Composition is the single biggest element that determines whether or not your photograph is interesting. I cheat, I start by travelling to really interesting places, so my subject matter helps alot. However, even with good subject matter, if you don't set the scene well, you may turn an interesting subject into a boring shot.

Do not center your subect matter
The first rule of thumb, centering is bad! Centering the subject matter in an image is often the intuitive way to frame a photograph, but it leads to non optimal results.


Observe the shot of the Grand Canyon with the moon centered. Certainly its not a horrible shot, but it would have been more interesting with the moon on either the left or right side of the photograph.
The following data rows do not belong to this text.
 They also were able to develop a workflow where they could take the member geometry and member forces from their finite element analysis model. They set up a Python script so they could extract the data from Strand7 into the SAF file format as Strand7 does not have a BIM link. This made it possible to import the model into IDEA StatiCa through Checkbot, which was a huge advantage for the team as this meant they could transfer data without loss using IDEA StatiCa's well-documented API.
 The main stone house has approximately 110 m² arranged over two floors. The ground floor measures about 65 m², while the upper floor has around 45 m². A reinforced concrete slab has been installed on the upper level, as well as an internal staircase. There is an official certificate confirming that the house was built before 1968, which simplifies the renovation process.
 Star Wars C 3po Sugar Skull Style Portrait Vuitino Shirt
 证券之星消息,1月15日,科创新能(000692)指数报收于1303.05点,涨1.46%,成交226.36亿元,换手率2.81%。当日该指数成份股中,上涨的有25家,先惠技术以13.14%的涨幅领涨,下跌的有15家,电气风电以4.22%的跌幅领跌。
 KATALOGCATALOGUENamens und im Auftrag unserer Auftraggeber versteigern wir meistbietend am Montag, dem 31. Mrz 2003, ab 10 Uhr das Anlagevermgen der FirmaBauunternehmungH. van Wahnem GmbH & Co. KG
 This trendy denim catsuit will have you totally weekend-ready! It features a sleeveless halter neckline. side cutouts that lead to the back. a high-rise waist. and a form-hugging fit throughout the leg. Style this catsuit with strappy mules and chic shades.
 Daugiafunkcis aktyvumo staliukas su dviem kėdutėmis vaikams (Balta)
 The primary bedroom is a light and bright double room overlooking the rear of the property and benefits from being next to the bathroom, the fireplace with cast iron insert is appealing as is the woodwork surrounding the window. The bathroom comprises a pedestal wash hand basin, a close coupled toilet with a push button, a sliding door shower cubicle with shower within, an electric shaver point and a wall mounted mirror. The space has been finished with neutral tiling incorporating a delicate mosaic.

In contrast, the photograph of the silloetted palm tree during a majestic sunset in Thailand is enhanced by placing the tree off-center in the image, the composition becomes more interesting.

Use diagnal entry points
Interesting composition can also be accomplished by composing the photograph so that your subject matter enters the image in an interesting manner. One simple trick is to use a diagnal entry point.

Observe the image on the left of a semmingly boring image of a glacier cutting through the moutainside on the trek up to the Everest Base Camp.By using a diagnal entry of the glacier and showing the mountains and sky to give the glacier some relative perspective, the image jumps to life.

Similarly, if one centers a race walker in the middle of the image, there is not a great deal of interest to the photograph. However, by using the arm as a diagnal entry point, the image is not only a bit off centered, but far more interesting.

While the contrasting photo is not unappealing, it lacks a bit of interest. Observe the diagnal entry of the river leading the eye up to the mountain.

Cropping to the rescue
Sometimes you may not take the perfect image right out of the camera. If you have enough detail in the image and are handy with a program like Adobe Photoshop, you may crop an image down to achieve a better composition. Just be aware the more you crop, the less resolution the image will have and therefore you will ultimately limit the maximum size you can print your photo.